Algunos de esos textículos (sic), como irónicamente los nombraba, surgían de un fondo existencialista tan de la época, de un vitalismo juvenil arrollador: «Para morir toda la vida es poca». Otros nacían de un afán hedonista que nos resarciera de tanta tristeza, de tanta privación y de tanto sufrimiento provocados por la dictadura: «Sólo si he de gozar quiero vivir». Otros crecían desde un impulso amoroso, pues consideraba que el amor era el máximo motor del mundo: «Si tú me faltas ya me sobra todo». Y los había de pura intención solidaria: «Repartiremos la compañía para estar menos solos», «Repartiremos la vida para estar menos muertos».
Ausente ya el dictador, no se acabó la rabia; se desató. Y mi pecho de cristal estalló en frases exigiendo la amnistía general («La libertad no se mendiga: se alcanza») o forzando la mayoría de edad a los dieciocho años.
Tras las primeras elecciones democráticas, en 1977, mis pintadas callejeras comenzaron a ajustarse a reivindicaciones más concretas. Recuerdo dos que reclamaban la ley de divorcio meses antes de que el ministro de justicia Fernández Ordóñez preparase la suya: «Libertad afectiva», «Libertad sexual».
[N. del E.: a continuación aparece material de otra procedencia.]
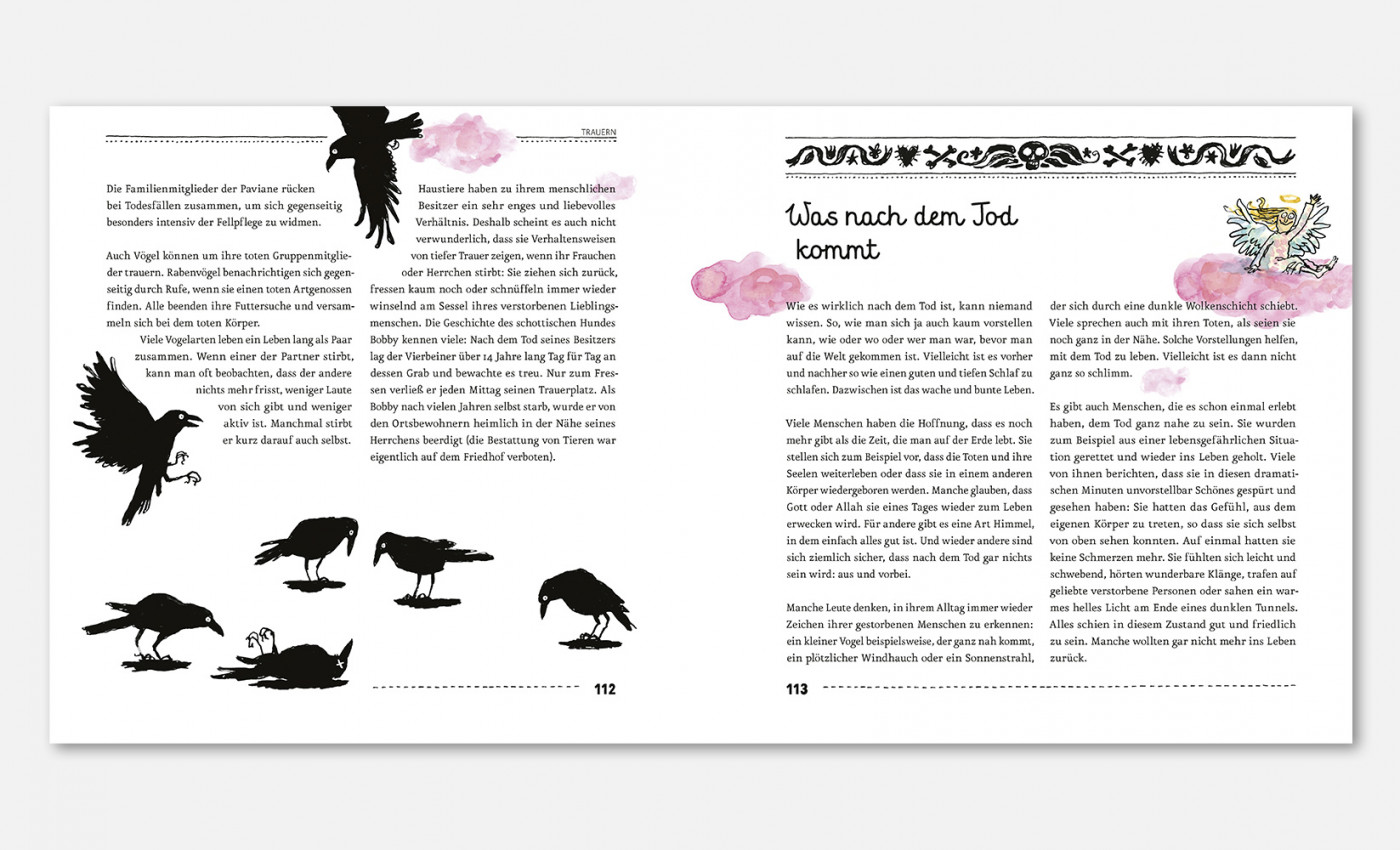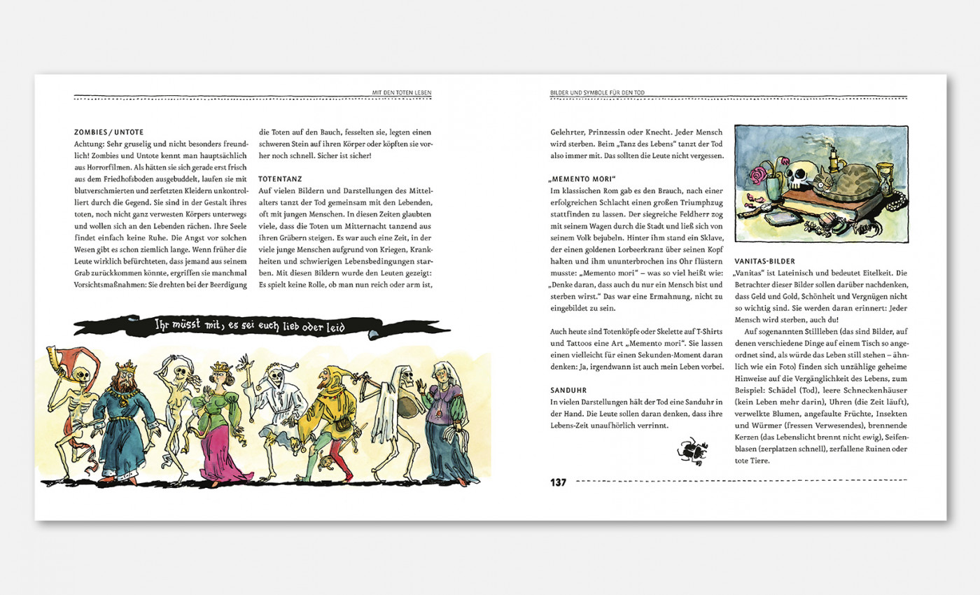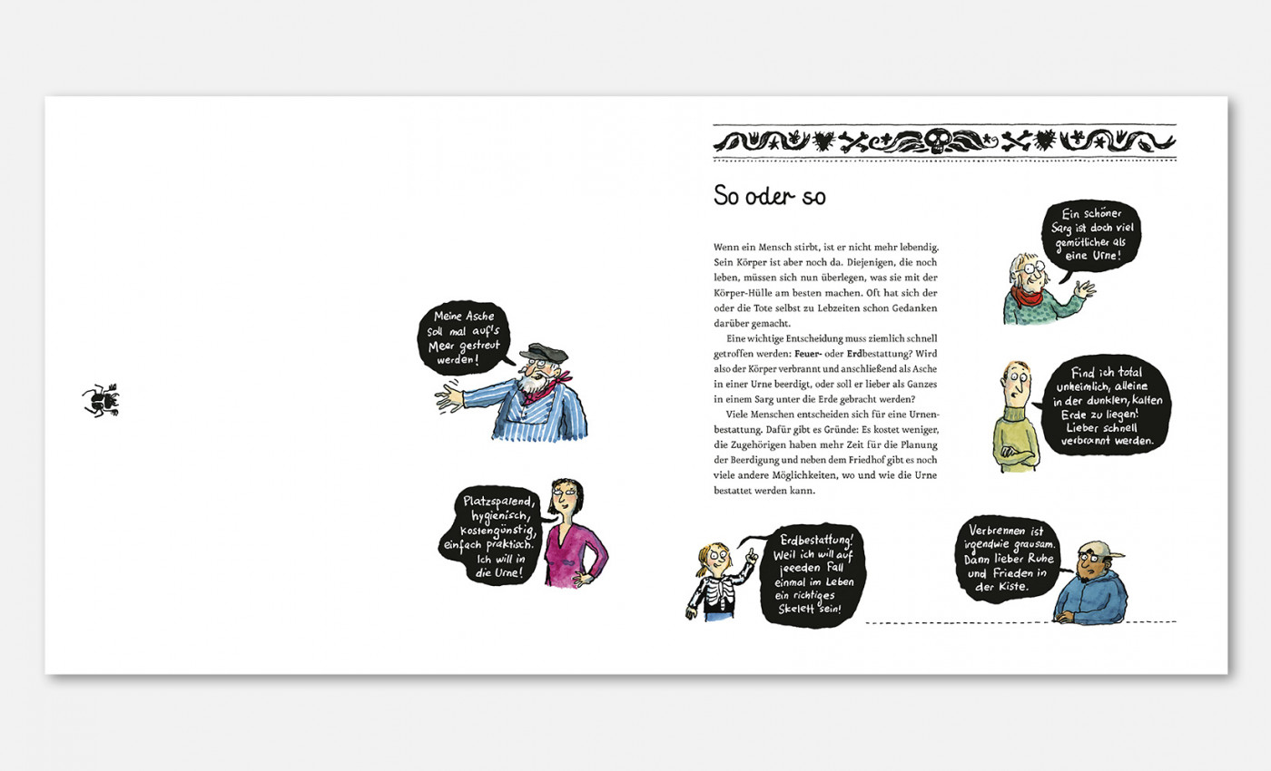 »LAUDATIO Sie gehören in unserer Kultur immer noch zu den Tabuthemen: Der Tod und das Sterben. Daher gibt es für Erwachsene oft fordernde Fragen, die nicht immer einfach zu beantworten sind, wenn Kinder plötzlich mit dem Ableben konfrontiert werden. Kinder sind nämlich in der Regel neugierig und wollen wissen, wie das ist mit dem Sterben – zum Beispiel wie es sich anfühlen könnte und was dabei eigentlich genau passiert. Dieses Buch von Katharina von der Gathen liefert mit viel Feingefühl und Achtsamkeit unzählige Informationen rund um dieses sensible Thema und schafft einen beachtenswerten Ausgleich zwischen Ernsthaftigkeit, Humor und Respekt, was die gewitzten Illustrationen von Anke Kuhl noch zusätzlich untermalen. Katharina von der Gathen, geboren 1973, studierte Sonderpädagogik und arbeitet als Sexualpädagogin und Autorin in Bonn, wo sie auch mit ihrem Mann und ihren vier Kindern lebt. Anke Kuhl, Jahrgang 1970, hat in Mainz und Offenbach das Zeichnen studiert und arbeitet seit 1998 in der Frankfurter Ateliergemeinschaft »labor«. Sie lebt mit ihrem Mann und zwei Kindern in Frankfurt am Main.«

Determinadas acciones las realizaba instalando paneles en el suelo con textos de compromiso humanitario o en defensa del paisaje y de los animales: «Cuando acaricias a un animal, toda la selva te acaricia a ti». También oralmente: junto a un panel rotulado «Poesía en la calle», y sobre un taburete plegable, leía poemas de activismo social y político en espacios abiertos, como en la Plaza de Santa Cruz, los domingos al mediodía; o los repartía en mano a la salida de los encuentros del Real Zaragoza en La Romareda.
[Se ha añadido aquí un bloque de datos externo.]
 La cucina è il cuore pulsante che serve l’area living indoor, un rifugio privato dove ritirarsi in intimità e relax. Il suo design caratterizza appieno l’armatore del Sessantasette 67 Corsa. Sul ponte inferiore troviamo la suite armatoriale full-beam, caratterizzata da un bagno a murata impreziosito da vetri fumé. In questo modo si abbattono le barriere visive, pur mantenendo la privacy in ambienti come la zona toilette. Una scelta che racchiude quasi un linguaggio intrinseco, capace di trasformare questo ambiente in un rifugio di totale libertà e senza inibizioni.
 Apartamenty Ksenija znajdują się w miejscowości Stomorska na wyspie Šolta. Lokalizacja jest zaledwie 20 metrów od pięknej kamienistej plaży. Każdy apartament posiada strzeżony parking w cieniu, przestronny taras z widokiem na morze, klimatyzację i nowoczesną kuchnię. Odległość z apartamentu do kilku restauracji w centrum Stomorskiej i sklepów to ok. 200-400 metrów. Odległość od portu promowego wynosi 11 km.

Pero hay dos acciones que marcaron mi memoria social en Zaragoza. La primera de ellas, el poema de militancia contra el general Pinochet, escrito por encargo de Emilio Ubieto, reproducido en calles zaragozanas, y que las Juventudes Comunistas de Aragón editaron en el reverso de la entrada que daba acceso al acto de solidaridad con Chile celebrado una noche de Septiembre en el coso taurino de la Misericordia, donde lo leí, tras la actuación de cantautores como Pi de la Serra, Labordeta, Paco Ibáñez, y la intervención del diputado Guastabinos de la Unidad Popular de Salvador Allende. Titulado «Mi personal homenaje a un general muy particular: Augusto Pinochet Ugarte», decía así: «Pinochet, pedo de trueno, / matón del pueblo chileno. / Valiente bufón de U.S.A. / con la pistola en la blusa. / Gigante de los escombros / con la sangre hasta los hombros. / Cuando te masturbas echas / ríos de pólvora y mechas. / Cuando estornudas salpicas / mocos que luego masticas. / Fracasado de torero, / cloaca del mundo entero, / la mierda no es negociable / por más que asuste tu sable. / Pinochet, pedo de trueno, / matón del pueblo chileno.»
La reacción de la ultraderecha, con la que mantuve una encendida polémica en los medios, y las amenazas de muerte de la Triple A (también había realizado pintadas contra el argentino general Videla) me reafirmaban en mi conciencia democrática y en mi actitud progresista ante la vida.
La otra acción fue un mural de interior que el pintor Alejandro Molina, propietario del Café de la Infanta, en la calle San Jorge, me encargó en 1987, con motivo de su inauguración: era una fruta enorme que titulé «Guinda del espermento (sic)» rematada por esta frase solidaria con la diferencia sexual de lesbianas y gays: «Eyaculad en el ano de Dios hasta su conversión al placer». Una denuncia del arquitecto Jesús Echechiquia Petit me sentó en el banquillo para concederme el honor de ser el primer escritor condenado de la democracia en un claro atentado a la libertad de expresión. Presentado el correspondiente recurso, meses más tarde fue sobreseído el caso. Harto del sofocante ambiente adverso y preso de desencanto, me trasterré a Madrid, donde resisto.